General Aspects in Selecting Best Variables

What is this about?

This chapter covers the following topics:

  • The best variables ranking from conventional machine learning algorithms, either predictive or clustering.
  • The nature of selecting variables with and without predictive models.
  • The effect of variables working in groups (intuition and information theory).
  • Exploring the best variable subset in practice using R.

Selecting the best variables is also known as feature selection, selecting the most important predictors, selecting the best predictors, among others.

The Millennium Simulation Project

Image: Is it a neural network? Nope. Dark matter, from the "The Millennium Simulation Project".


Selecting the best variables is like doing a summary of a story, we want to focus on those few details that best describe what we're talking about. The balance threads between talking too much about unnecessary details (overfitting) and talking too little about the essence of the story (underfitting).

Another example can be the decision of buying a new laptop: what are the features that we care about the most? Price, color and shipping method? Color and battery life? Or just price?

From the Information Theory point of view -a key point in machine learning-, the data that we are working on has entropy (chaos). When we select variables, we are are reducing the entropy of our system by adding information.

The "best" selection?

The chapter says "best", but we'd better mention a conceptual point, in general terms there is no unique best variable selection.

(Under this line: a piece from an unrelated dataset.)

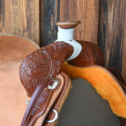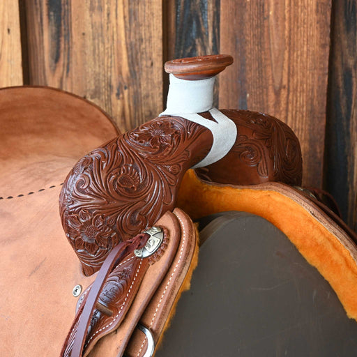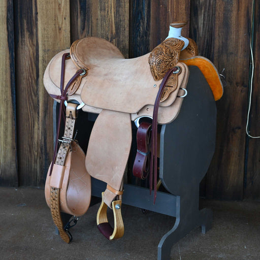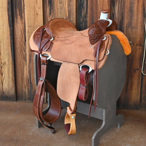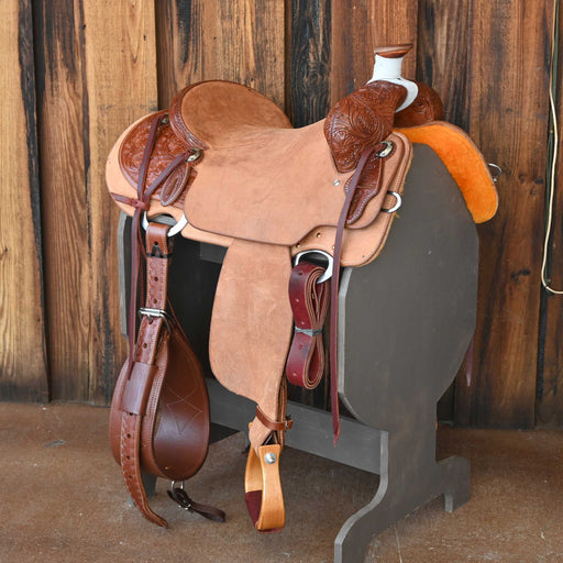 View full detailsThis new 15" Cactus Ranch saddle comes in a heavy oil 1/2 lone oak tooling with a hard seat. For more information call a saddle salesman today at 8...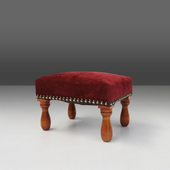 Rood fluwelen Art Deco krukje gemaakt rond 1930. Deze elegante lage tabouret is opnieuw bekleed met rood fluweel en rust op 4 mooi gedraaide poten in vol hout. De dieprode stof is afgewerkt met decoratieve metalen noppen.

To start from this perspective is important, since in the exploration of many algorithms that rank the variables according to their predictive power, we can find different -and similar- results. That is:

  • Algorithm 1 has chosen as the best variable var_1, followed by var_5 and var_14.
  • Algorithm 2 did this ranking: var_1, var_5 and var_3.

Let's imagine, based on algorithm 1, the accuracy is 80%, while the accuracy based on algorithm 2 is 78%. Considering that every model has its inner variance, the result can be seen as the same.

This perspective can help us to reduce time in pursuing the perfect variable selection.

However going to the extremes, there will be a set of variables that will rank high across many algorithms, and the same goes for those with little predictive power. After several runs most reliable variables will emerge quickly, so:

Conclusion: If results are not good the focus should be on improving and checking the data preparation step. The next section will exemplify it.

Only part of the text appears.